───── DATA EXTRACT ─────

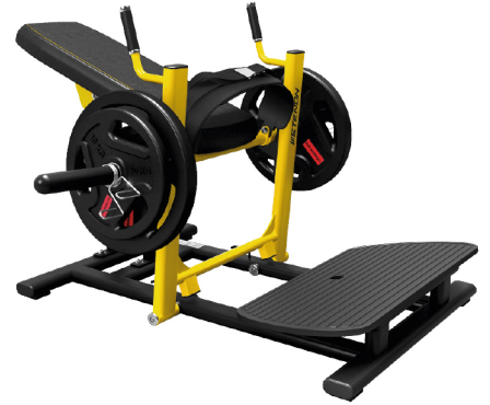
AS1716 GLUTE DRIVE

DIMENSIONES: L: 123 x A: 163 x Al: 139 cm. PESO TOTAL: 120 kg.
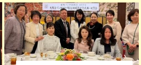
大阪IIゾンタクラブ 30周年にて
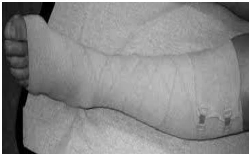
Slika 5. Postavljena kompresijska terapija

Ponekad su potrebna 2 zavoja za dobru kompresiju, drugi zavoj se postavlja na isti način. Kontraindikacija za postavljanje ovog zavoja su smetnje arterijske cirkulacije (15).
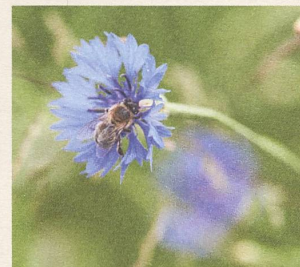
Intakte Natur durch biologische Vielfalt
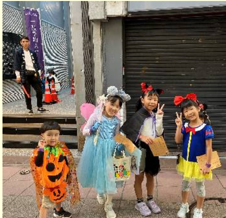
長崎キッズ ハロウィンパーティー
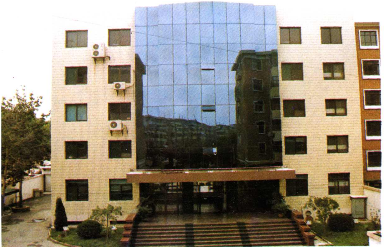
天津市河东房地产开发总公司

─────
───── DATA EXTRACT ─────

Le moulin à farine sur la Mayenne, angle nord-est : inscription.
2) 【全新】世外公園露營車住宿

─────
───── DATA EXTRACT ─────

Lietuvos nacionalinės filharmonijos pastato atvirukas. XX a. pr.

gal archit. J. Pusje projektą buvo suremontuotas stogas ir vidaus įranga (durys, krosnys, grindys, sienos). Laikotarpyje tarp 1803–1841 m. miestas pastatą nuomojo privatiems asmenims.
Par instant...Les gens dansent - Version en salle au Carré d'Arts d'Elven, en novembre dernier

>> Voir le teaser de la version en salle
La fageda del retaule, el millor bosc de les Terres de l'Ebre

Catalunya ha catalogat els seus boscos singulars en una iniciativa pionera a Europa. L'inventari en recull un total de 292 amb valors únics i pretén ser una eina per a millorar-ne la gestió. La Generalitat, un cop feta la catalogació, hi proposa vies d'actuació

─────

TO DO:
The answer must be every line from the entries above that holds the string "salle".

OUTPUT FOR THIS TASK:
Par instant...Les gens dansent - Version en salle au Carré d'Arts d'Elven, en novembre dernier
>> Voir le teaser de la version en salle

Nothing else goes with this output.